Outros fatores externos que estão entre os causadores de interrupções, mas com menor quantidade de ocorrências, são pipas, colisões em postes e queimadas. Há ainda os desligamentos programados, realizados para garantir a segurança da população, bem como dos eletricistas, em obras no sistema elétrico. Nestes casos, os clientes que têm o serviço afetado recebem aviso antecipado de falta de energia. Na região, curiosamente, a interferência de animais e os fortes ventos são responsáveis por outros 27% de causas de desligamentos.

Guia

Disponível no site da empresa (www.cpfl.com.br), o guia “Arborização Urbana Viária – Aspectos de Planejamento, Implantação e Manejo” traz série de conselhos, para que tanto o cliente como os poderes públicos possam planejar o plantio e os cuidados com árvores. Isto, tanto nas vias públicas quanto nas áreas internas dos imóveis e praças, observando distâncias corretas para o plantio sob a rede elétrica e em locais com redes subterrâneas de esgoto e água tratada. (Da redação)

 

:: Confira dicas para se proteger durante os temporais

 

• Nunca use aparelhos elétricos e eletrodomésticos, durante as tempestades ou em locais com água ou umidade, nem com as mãos ou os pés molhados.
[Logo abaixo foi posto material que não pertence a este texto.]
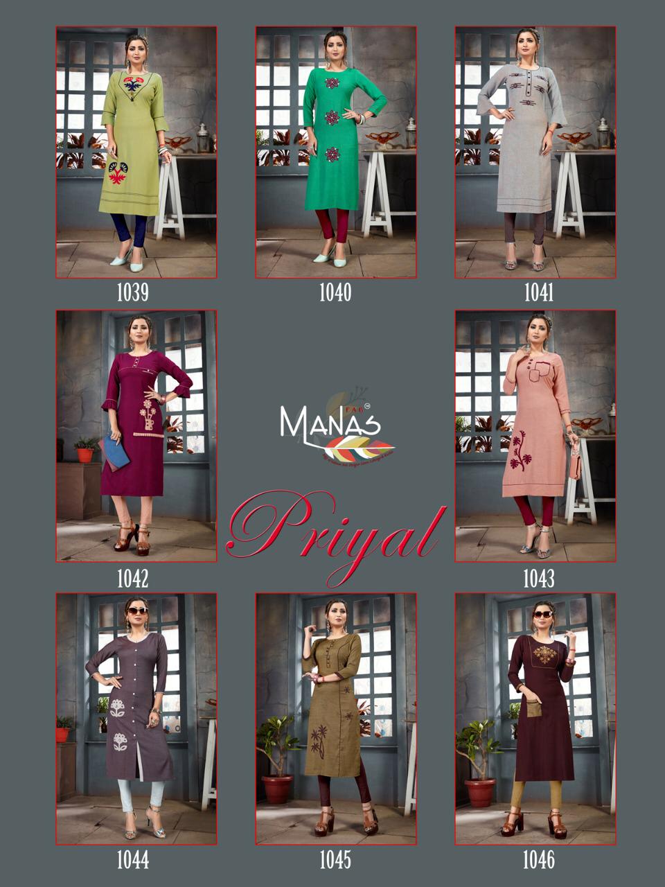 Brand Name : manas catalog Name: Priyal vol. 6 Design : 8 Fabric : namo cotton slab Work : aplic peach work Size : M(38), L(40), XL(42),XXL (44) Rate :425/-Pis + 5% GST dispatch date: 30 August hurray up book your order now Set To Set . |

Cobri-los não gera qualquer efeito de proteção.

• Não mude a chave (verão/inverno - fria/morna/quente) do seu chuveiro, enquanto estiver ligado, e principalmente nos dias em que estiverem ocorrendo descargas atmosféricas.

• Não mexa no interior dos televisores e opte por mantê-los desligados durante as tempestades. Equipamentos eletrônicos sensíveis, como microcomputadores, precisam de proteção especial contra descargas elétricas, como um estabilizador.

• Evite falar ao telefone, pois uma descarga atmosférica também pode entrar pela rede de dados.

• Fique longe de objetos isolados, como árvores e postes de luz. Procure uma casa de alvenaria e fique longe de janelas e portas metálicas, especialmente durante a incidência das descargas atmosféricas.

• Os veículos também se constituem abrigos contra os raios, não pelos pneus, mas pela proteção proporcionada por um fenômeno conhecido como Gaiola de Faraday que, em resumo, significa que dentro de uma gaiola a eletricidade não penetra.
 
• Se você estiver caminhando com uma mochila/bolsa que contenha alguma armação de metal, retire-a assim que detectar um raio. Certifique-se de deixá-la pelo menos 100 metros de onde quer que você esteja abrigado.

• Se não há abrigo por perto, o melhor é agachar, colocar a cabeça entre as pernas e abraçar os joelhos. Fique com os pés juntos e em contato com o chão.

• Se você for pego em uma tempestade de raios com um grupo de pessoas, mantenha uma distância de, pelo menos, 50 metros a 100 metros entre cada indivíduo.

• Mova-se para uma local mais baixo, pois raios são muito mais propensos a atingir objetos em altitudes mais elevadas. Evite grandes espaços abertos, onde você é mais alto do que qualquer outra coisa ao seu redor, como um campo de golfe ou campo de futebol.

• Evite realizar trabalhos externos em locais elevados ou no alto de prédios (como instalar ou acertar antenas, calhas etc.), durante um temporal.

• Em zonas rurais, as cercas longas devem ser seccionadas e aterradas (de 100 metros em 100 metros, por exemplo) para se evitar criar um caminho contínuo para os raios, que pode levar destruição ao longo do cercado.

• Se durante um temporal, algum cabo do sistema elétrico se romper (por queda de galhos de árvores ou raios, por exemplo), não toque nem chegue perto do local. Se o cabo vier a cair sobre um carro, a pessoa não deve tentar sair do veículo e ninguém deve se aproximar para tentar prestar socorro. O risco de eletrochoque é altíssimo e pode levar à morte. Isole a área e acione imediatamente a empresa distribuidora de energia responsável.